(Raw data begins)
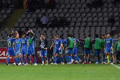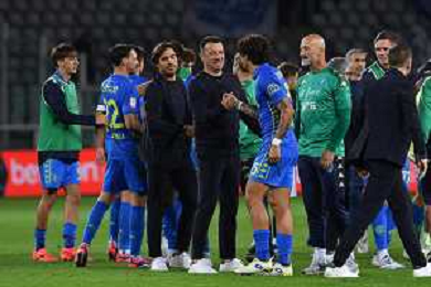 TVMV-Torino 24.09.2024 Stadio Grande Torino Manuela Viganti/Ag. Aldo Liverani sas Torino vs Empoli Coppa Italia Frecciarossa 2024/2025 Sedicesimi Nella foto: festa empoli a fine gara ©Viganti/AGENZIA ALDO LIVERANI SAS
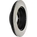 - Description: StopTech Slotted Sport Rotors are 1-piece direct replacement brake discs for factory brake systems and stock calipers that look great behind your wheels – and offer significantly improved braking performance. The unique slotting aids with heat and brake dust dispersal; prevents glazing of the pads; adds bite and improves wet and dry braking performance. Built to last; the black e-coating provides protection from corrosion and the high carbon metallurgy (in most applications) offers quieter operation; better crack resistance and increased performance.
(Raw data ends)
(Raw data begins)
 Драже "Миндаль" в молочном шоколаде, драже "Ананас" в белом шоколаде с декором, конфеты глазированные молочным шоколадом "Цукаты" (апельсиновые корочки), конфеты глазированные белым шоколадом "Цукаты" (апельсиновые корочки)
(Raw data ends)
- **Task prompt**
Using the data above, retype exactly and only the lines from the one containing "TVMV-Torino 24.09.2024 Stadio" up to and including the one containing "- Description: StopTech", with no pictures carried over.

- **Your solution**
 TVMV-Torino 24.09.2024 Stadio Grande Torino Manuela Viganti/Ag. Aldo Liverani sas Torino vs Empoli Coppa Italia Frecciarossa 2024/2025 Sedicesimi Nella foto: festa empoli a fine gara ©Viganti/AGENZIA ALDO LIVERANI SAS
 - Description: StopTech Slotted Sport Rotors are 1-piece direct replacement brake discs for factory brake systems and stock calipers that look great behind your wheels – and offer significantly improved braking performance. The unique slotting aids with heat and brake dust dispersal; prevents glazing of the pads; adds bite and improves wet and dry braking performance. Built to last; the black e-coating provides protection from corrosion and the high carbon metallurgy (in most applications) offers quieter operation; better crack resistance and increased performance.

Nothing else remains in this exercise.